Печаль сменилась отчаянием, и Вале захотелось заплакать – громко, с подвывом, по-бабьи, чтобы в слезах, в крике выплеснуть из себя боль. Значит, Сева не случайно упал на нее, значит, он любил ее так, что даже эта женщина заметила его любовь и угадала его судьбу. И его, и ее. Но Валя опять промолчала. Она даже удивилась своей новой способности молчать.
Студентка еще долго говорила о себе, о своем горе, о той трудности, которую она взвалила на себя, решив стать матерью ребенка погибшего бойца. Но в ее горьких словах звучала и гордость, и Вале это было так неприятно, что она мысленно взмолилась: «Да уходи же, уходи… Разве можно гордиться этим? Разве можно?!»
И гостья наконец поднялась. Она вяло пожала Валину руку и, грустно, натянуто улыбаясь, предложила:
– Заходите ко мне как-нибудь… Ведь вы последняя, кто видел его. Может быть, потом вам… придется рассказать об отце и ему…
Валя торжественно пообещала прийти, торопливо распрощалась. Провожая гостью, она машинально взглянула в зеркало и увидела надломленную, тонкую фигурку и поняла: в ней его жизнь. Жизнь, которую Сева сознательно или бессознательно – не это важно – отдал для нее, для Вали. Она бросилась к студентке, обняла, прижалась к ней и заплакала.

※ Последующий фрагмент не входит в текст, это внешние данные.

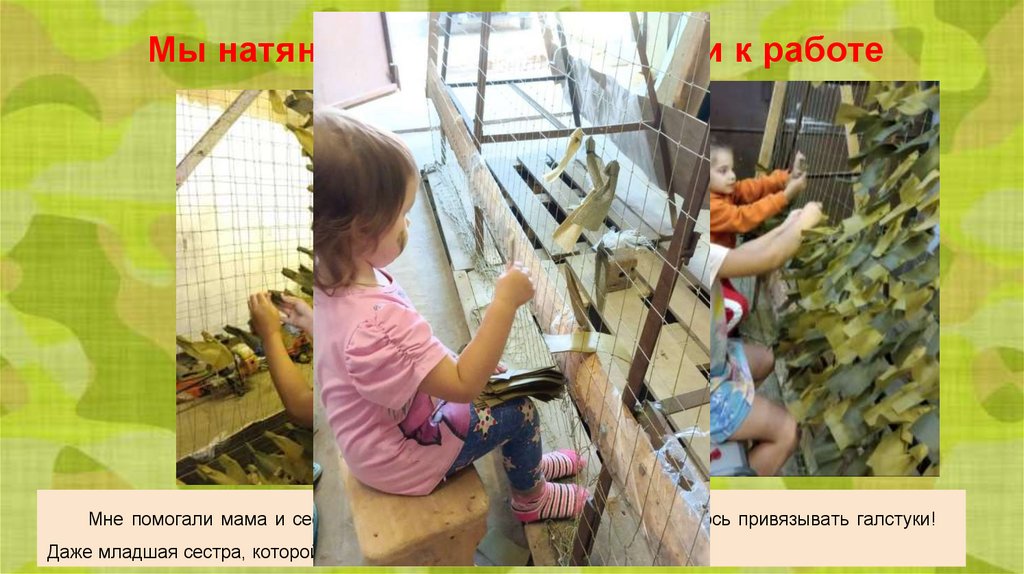 Мы натянули сеть и приступили к работеМне помогали мама и сестры, им по 5 лет и у них отлично получилось привязывать галстуки!
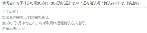 问:请问会计专硕什么时候复试呢?复试形式是什么呢?还有笔试吗?复试名单什么时候出呢?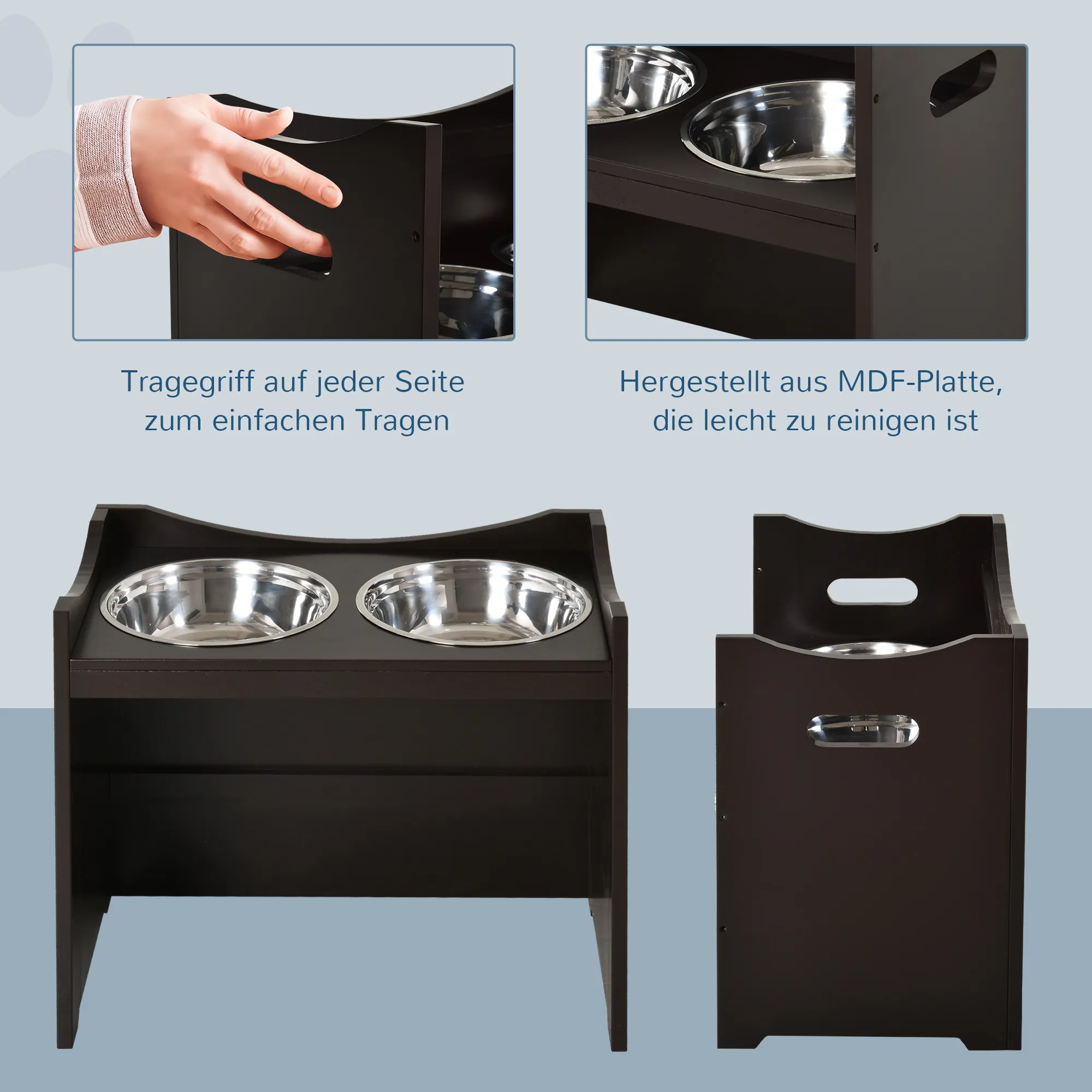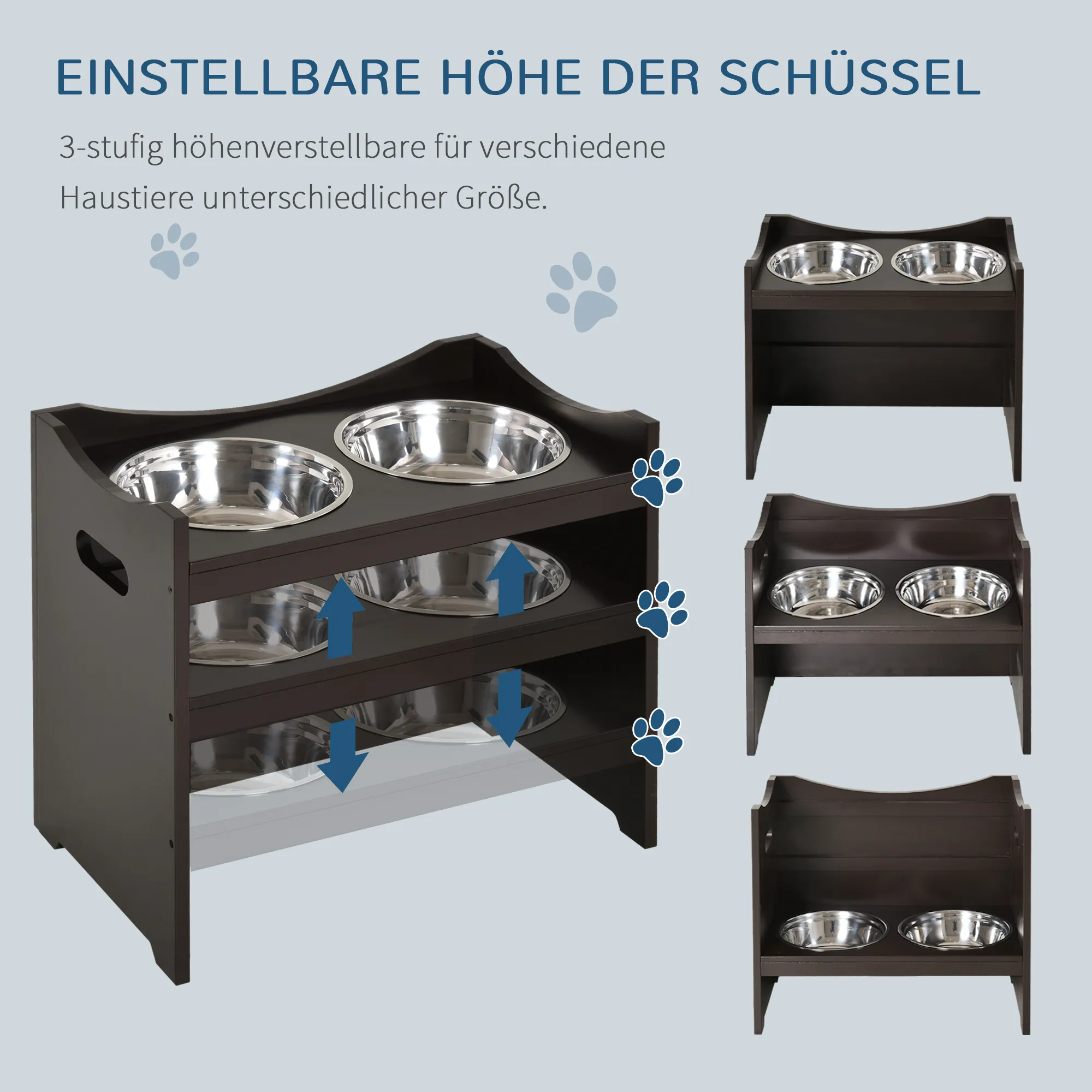 Diese Futterstation bietet eine bequeme und einfache Möglichkeit, Ihren lieben kleinen Freund zu füttern. Hergestellt aus solidem und natürlichem MDF-Material der Güteklasse P2, sowie Edelstahl, ist die Futterstation rostbeständig, ungiftig und robust. Der Napf ist abnehmbar, Sie können das Futter/Wasser leicht einfüllen und die Schalen einfach reinigen. Die Höhe des Fressnapf-Gestells ist 3-stufig einstellbar, so dass der Futterstation Ihren Hund vom Welpen bis zum hohen Alter begleiten kann. Außerdem kann der Ständer mit erhöhtem Design ausgestattet werden, was die Belastung für Nacken, Rücken und Gelenke des Hundes verringert. Darüber hinaus ist unser Futterstation aus dunkelbrauner Holzpaneelen, Sie können ihn mit Ihren anderen Wohnmöbeln kombinieren.

Они стояли посреди комнаты, судорожно гладили друг друга по вздрагивающим плечам, шептали какие-то глупые, горячие, вероятно, ненужные слова, и только успокоившись, Валя спросила, как же зовут гостью и где она живет.
– Аня… Анна Кротова, – строго сказала студентка, вдруг мягко улыбнулась и назвала свой адрес. – Так вы обязательно заходите.
– Обязательно, – ответила Валя.
5
Весенний закат угасал. Буфет стал почти невидимым, и только зеркало еще слабо поблескивало на стене. Наташка сидела не двигаясь, сжавшись в комочек, и Валя видела, как сверкают ее светлые глаза. Валя села рядом с сестрой, обняла ее и прижалась к ее теплому, но неожиданно неподатливому телу. Наташка не двинулась, не повернула головы. Она смотрела в зеркало так, точно в нем отпечаталась заломленная фигурка Ани. Из-за тусклых окон доносился слитный шум шагов – проходила воинская часть. Точно освобождаясь от Валяных рук, Наташка зябко передернула плечиками и спросила:
– А что было дальше?
Валя ответила не сразу. Она все еще думала о Севе, решая, что же толкнуло его – любовь или дружба и есть ли разница между этими двумя чувствами? Думала об Ане, понимая, что он, мертвый, ценой своей жизни сделал Валю ответственной за новую, третью жизнь. Думала и о том, что Аня даже не спросила, а что же было с ней, с Валей? Валя ей безразлична. Она не существует для нее. Права ли Аня в своем эгоизме, и эгоизм ли это? Может быть, это и есть высшее самоотречение, после которого ни ты сама, ни кто-либо из окружающих не имеют никакой ценности, если они не служат тому делу, ради которого человек отрекся от самого себя?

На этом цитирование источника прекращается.